**Problem:**
Your answer should consist only of the lines below from the one with "Dámské sako 588-2" through the one with "rewrite the sentences: He", copied exactly.

**Data for the task:**
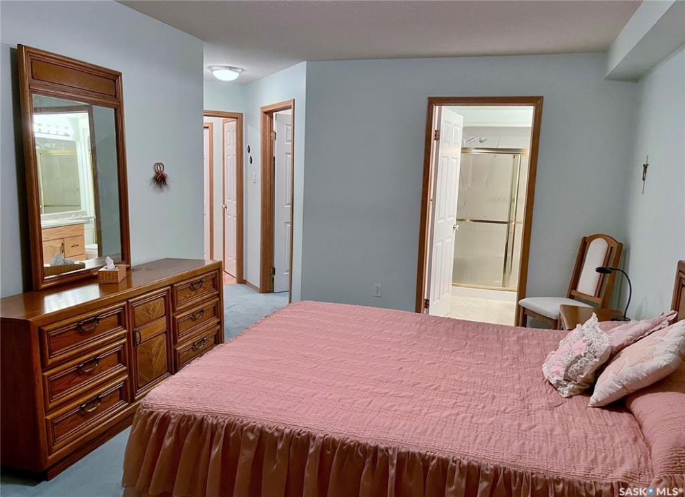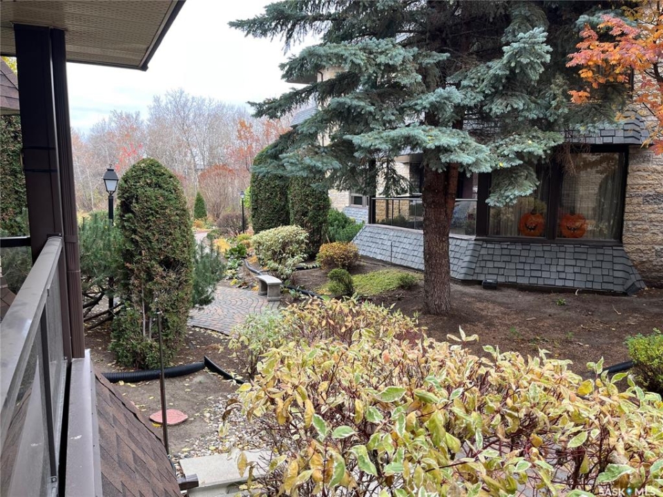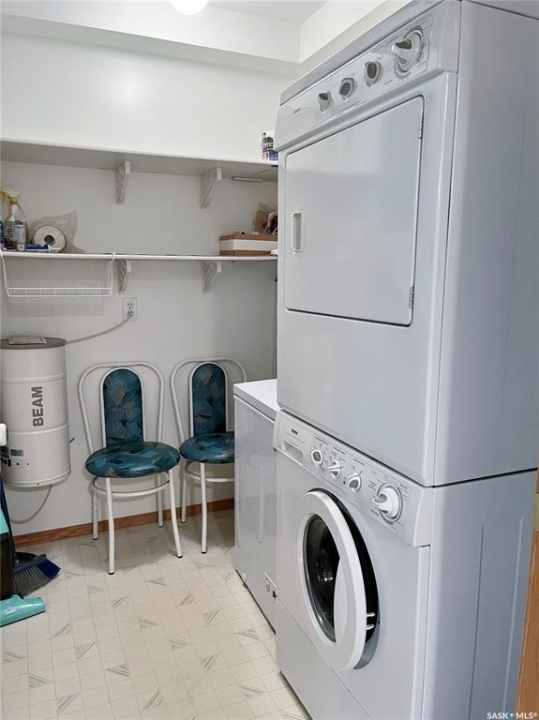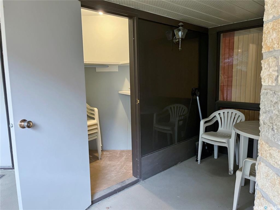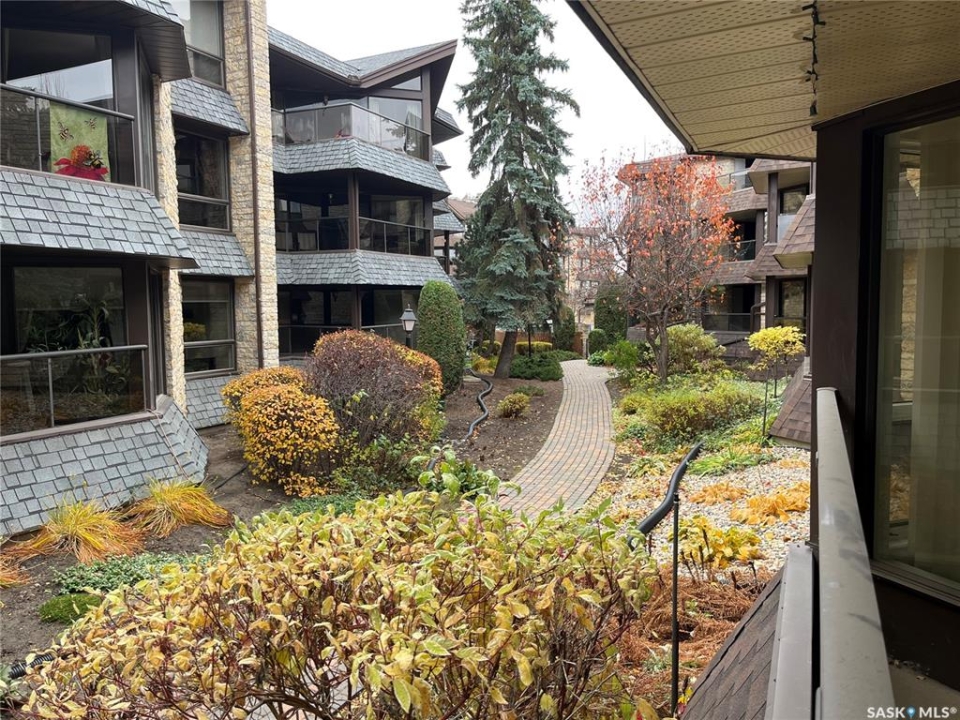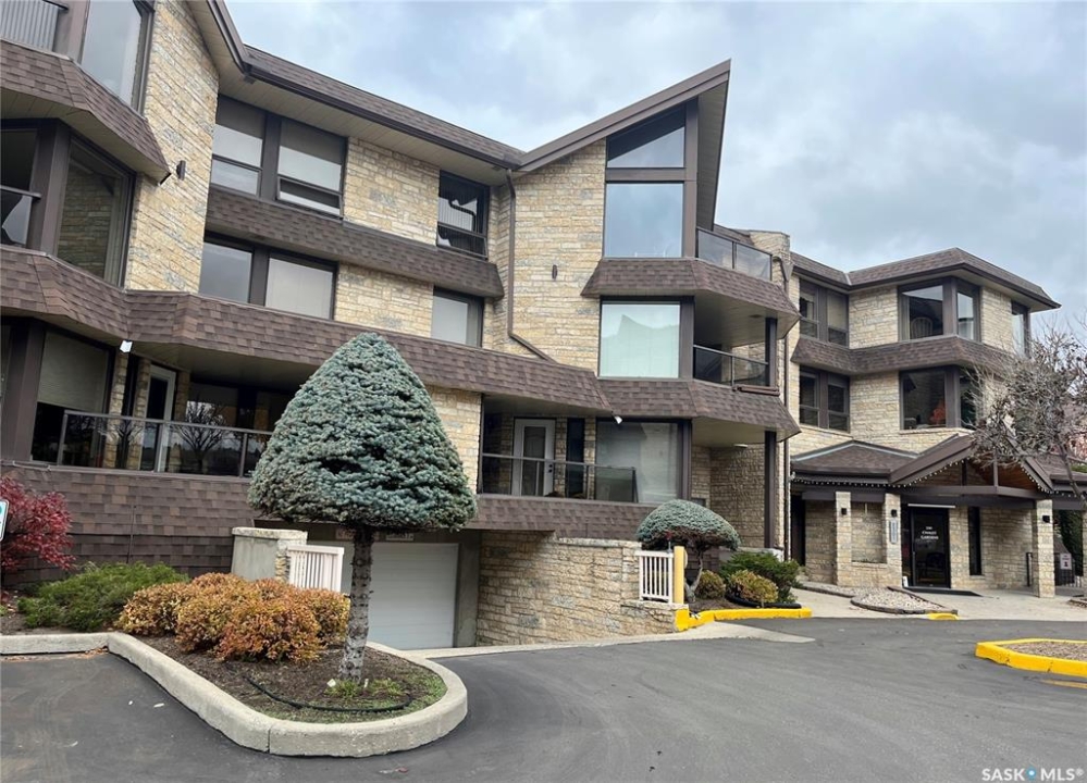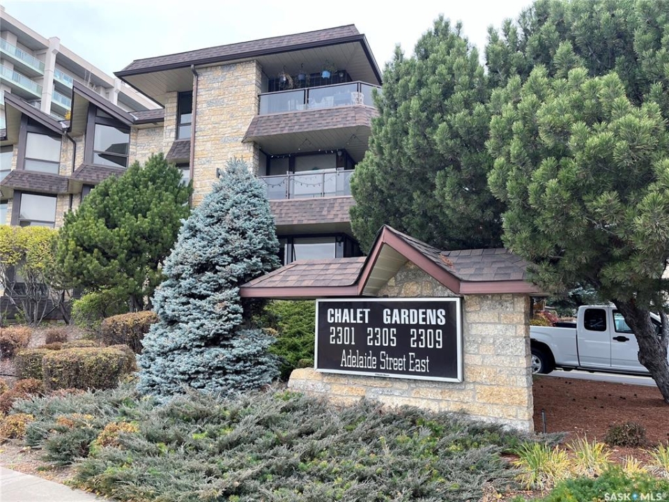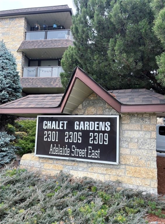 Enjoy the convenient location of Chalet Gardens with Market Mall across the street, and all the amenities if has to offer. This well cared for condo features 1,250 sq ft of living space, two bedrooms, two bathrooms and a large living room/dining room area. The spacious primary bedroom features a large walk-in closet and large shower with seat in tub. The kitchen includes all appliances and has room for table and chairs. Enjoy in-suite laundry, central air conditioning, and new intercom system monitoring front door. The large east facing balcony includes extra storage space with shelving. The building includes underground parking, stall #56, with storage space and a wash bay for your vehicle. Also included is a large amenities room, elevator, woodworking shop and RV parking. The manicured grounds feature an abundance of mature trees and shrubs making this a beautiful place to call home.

==

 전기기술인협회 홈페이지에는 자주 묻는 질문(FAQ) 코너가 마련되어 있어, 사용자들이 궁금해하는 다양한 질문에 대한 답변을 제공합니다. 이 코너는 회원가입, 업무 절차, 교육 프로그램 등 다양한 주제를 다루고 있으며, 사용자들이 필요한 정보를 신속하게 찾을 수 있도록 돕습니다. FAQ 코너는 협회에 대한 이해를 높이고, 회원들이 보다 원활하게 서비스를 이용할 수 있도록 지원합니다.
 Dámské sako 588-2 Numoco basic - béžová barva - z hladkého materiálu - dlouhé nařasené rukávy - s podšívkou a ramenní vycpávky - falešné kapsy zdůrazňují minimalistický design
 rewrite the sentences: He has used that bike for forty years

**Answer space:**
 Dámské sako 588-2 Numoco basic - béžová barva - z hladkého materiálu - dlouhé nařasené rukávy - s podšívkou a ramenní vycpávky - falešné kapsy zdůrazňují minimalistický design
 rewrite the sentences: He has used that bike for forty years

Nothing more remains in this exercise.